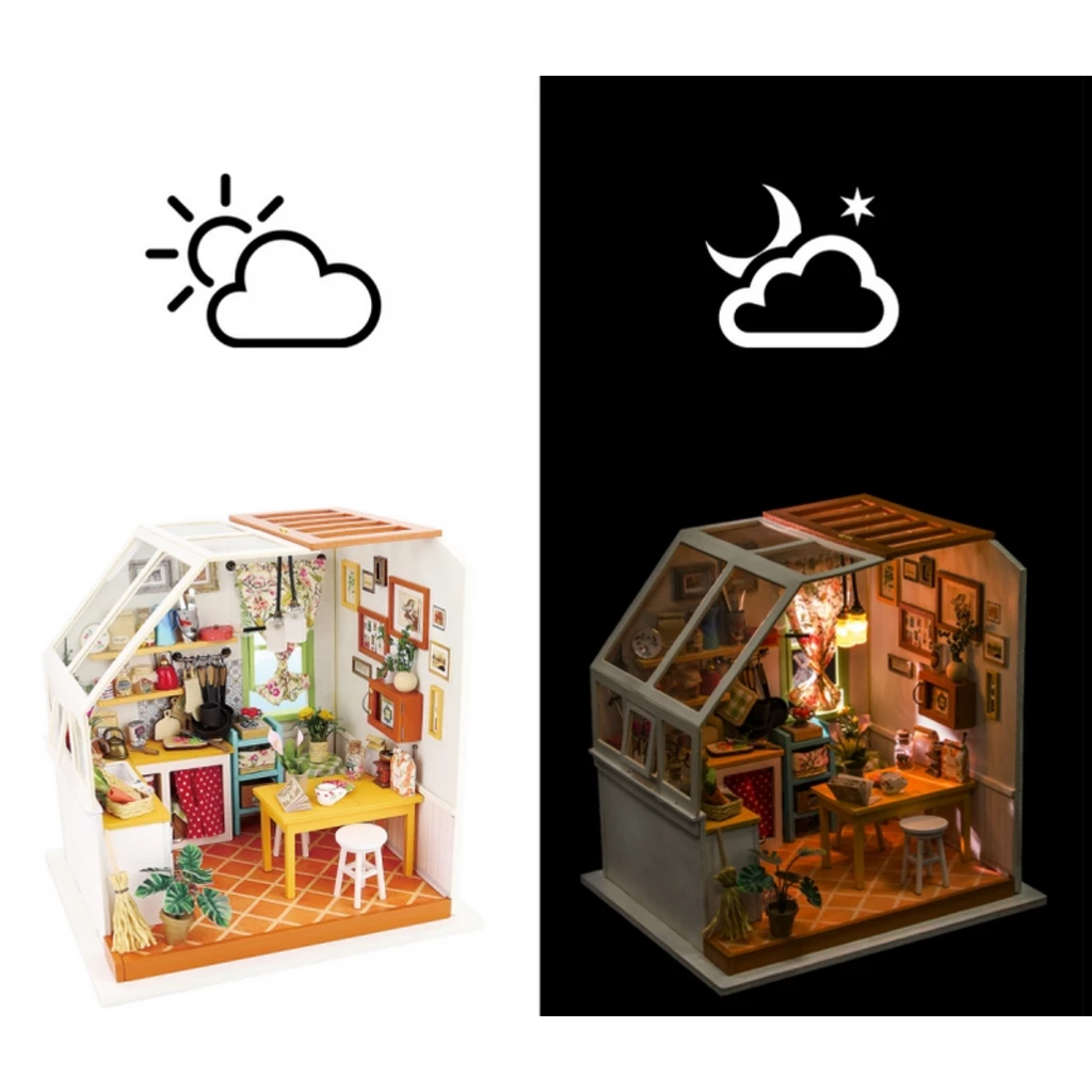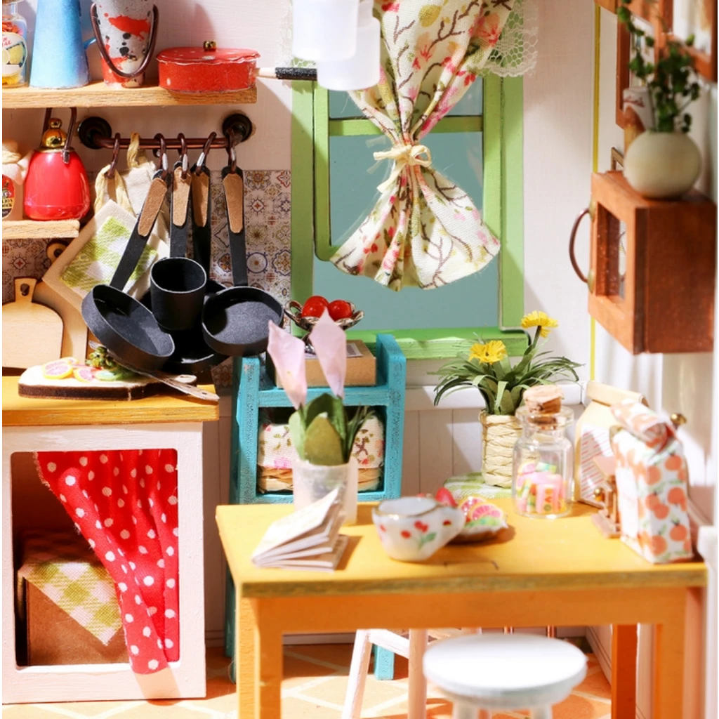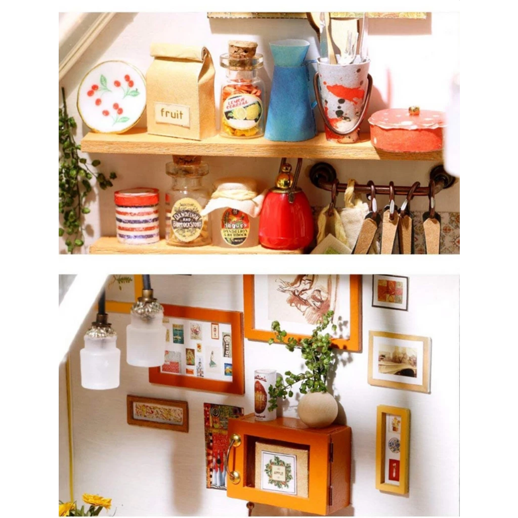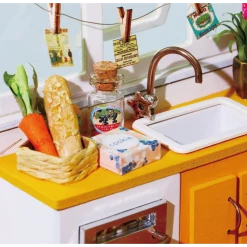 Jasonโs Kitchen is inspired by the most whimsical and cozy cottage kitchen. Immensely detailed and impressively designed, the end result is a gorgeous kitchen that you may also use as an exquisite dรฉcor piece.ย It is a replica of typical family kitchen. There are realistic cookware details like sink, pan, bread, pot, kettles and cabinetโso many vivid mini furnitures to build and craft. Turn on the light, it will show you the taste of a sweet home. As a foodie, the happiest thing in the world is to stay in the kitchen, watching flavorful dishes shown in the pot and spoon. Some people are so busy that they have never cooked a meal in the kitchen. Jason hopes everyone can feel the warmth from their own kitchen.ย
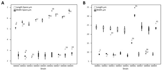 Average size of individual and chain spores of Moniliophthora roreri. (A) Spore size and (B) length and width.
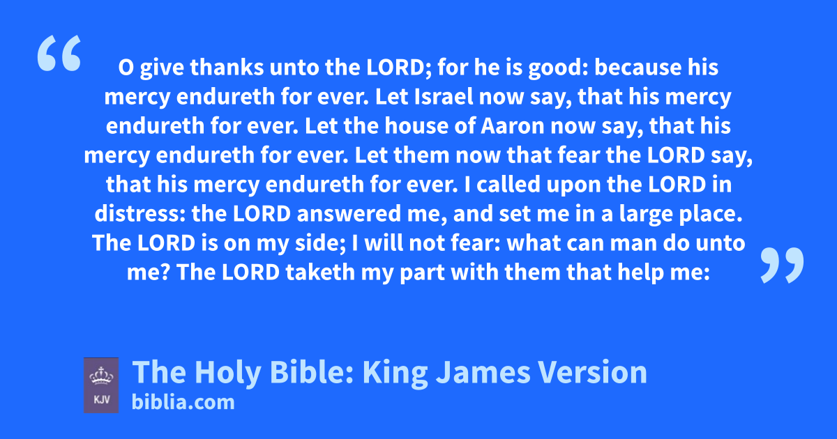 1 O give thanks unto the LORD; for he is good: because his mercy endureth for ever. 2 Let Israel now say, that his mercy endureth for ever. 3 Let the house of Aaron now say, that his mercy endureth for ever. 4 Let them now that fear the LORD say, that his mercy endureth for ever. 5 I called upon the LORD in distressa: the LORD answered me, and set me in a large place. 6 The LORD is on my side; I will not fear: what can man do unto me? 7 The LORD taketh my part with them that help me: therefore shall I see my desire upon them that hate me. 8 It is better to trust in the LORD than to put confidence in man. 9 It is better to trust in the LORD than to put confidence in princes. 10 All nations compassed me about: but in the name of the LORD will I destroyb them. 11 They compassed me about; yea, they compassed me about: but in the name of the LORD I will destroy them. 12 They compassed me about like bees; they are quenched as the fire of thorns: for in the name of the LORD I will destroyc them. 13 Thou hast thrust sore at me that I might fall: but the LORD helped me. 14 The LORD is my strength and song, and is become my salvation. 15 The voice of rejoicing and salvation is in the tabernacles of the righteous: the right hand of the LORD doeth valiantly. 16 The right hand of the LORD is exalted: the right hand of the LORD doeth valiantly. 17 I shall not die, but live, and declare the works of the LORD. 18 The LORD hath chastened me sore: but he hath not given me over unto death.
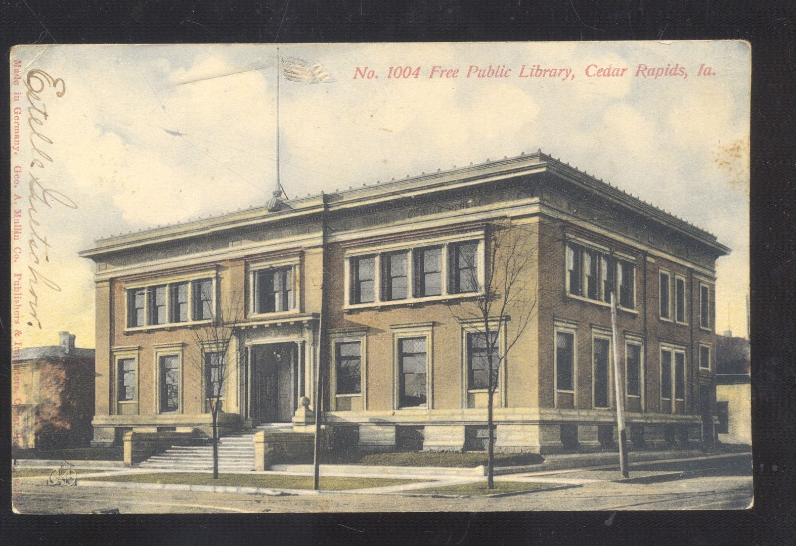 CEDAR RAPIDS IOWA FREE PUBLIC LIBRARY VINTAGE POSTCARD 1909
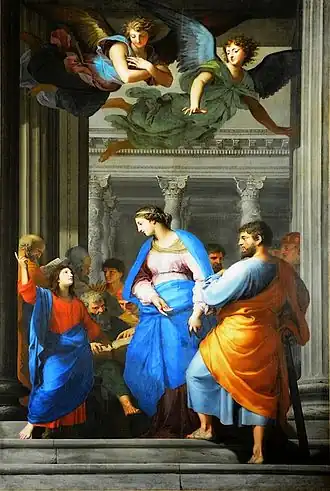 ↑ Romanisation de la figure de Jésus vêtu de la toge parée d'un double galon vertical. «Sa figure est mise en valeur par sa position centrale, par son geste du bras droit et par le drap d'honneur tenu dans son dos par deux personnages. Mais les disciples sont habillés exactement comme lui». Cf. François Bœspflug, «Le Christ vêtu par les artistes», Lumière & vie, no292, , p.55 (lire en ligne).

══════════

• **The task**
Your reply should repeat the entries above exactly, leaving the pictures out.

• **Response to the task**
 Jasonโs Kitchen is inspired by the most whimsical and cozy cottage kitchen. Immensely detailed and impressively designed, the end result is a gorgeous kitchen that you may also use as an exquisite dรฉcor piece.ย It is a replica of typical family kitchen. There are realistic cookware details like sink, pan, bread, pot, kettles and cabinetโso many vivid mini furnitures to build and craft. Turn on the light, it will show you the taste of a sweet home. As a foodie, the happiest thing in the world is to stay in the kitchen, watching flavorful dishes shown in the pot and spoon. Some people are so busy that they have never cooked a meal in the kitchen. Jason hopes everyone can feel the warmth from their own kitchen.ย
 Average size of individual and chain spores of Moniliophthora roreri. (A) Spore size and (B) length and width.
 1 O give thanks unto the LORD; for he is good: because his mercy endureth for ever. 2 Let Israel now say, that his mercy endureth for ever. 3 Let the house of Aaron now say, that his mercy endureth for ever. 4 Let them now that fear the LORD say, that his mercy endureth for ever. 5 I called upon the LORD in distressa: the LORD answered me, and set me in a large place. 6 The LORD is on my side; I will not fear: what can man do unto me? 7 The LORD taketh my part with them that help me: therefore shall I see my desire upon them that hate me. 8 It is better to trust in the LORD than to put confidence in man. 9 It is better to trust in the LORD than to put confidence in princes. 10 All nations compassed me about: but in the name of the LORD will I destroyb them. 11 They compassed me about; yea, they compassed me about: but in the name of the LORD I will destroy them. 12 They compassed me about like bees; they are quenched as the fire of thorns: for in the name of the LORD I will destroyc them. 13 Thou hast thrust sore at me that I might fall: but the LORD helped me. 14 The LORD is my strength and song, and is become my salvation. 15 The voice of rejoicing and salvation is in the tabernacles of the righteous: the right hand of the LORD doeth valiantly. 16 The right hand of the LORD is exalted: the right hand of the LORD doeth valiantly. 17 I shall not die, but live, and declare the works of the LORD. 18 The LORD hath chastened me sore: but he hath not given me over unto death.
 CEDAR RAPIDS IOWA FREE PUBLIC LIBRARY VINTAGE POSTCARD 1909
 ↑ Romanisation de la figure de Jésus vêtu de la toge parée d'un double galon vertical. «Sa figure est mise en valeur par sa position centrale, par son geste du bras droit et par le drap d'honneur tenu dans son dos par deux personnages. Mais les disciples sont habillés exactement comme lui». Cf. François Bœspflug, «Le Christ vêtu par les artistes», Lumière & vie, no292, , p.55 (lire en ligne).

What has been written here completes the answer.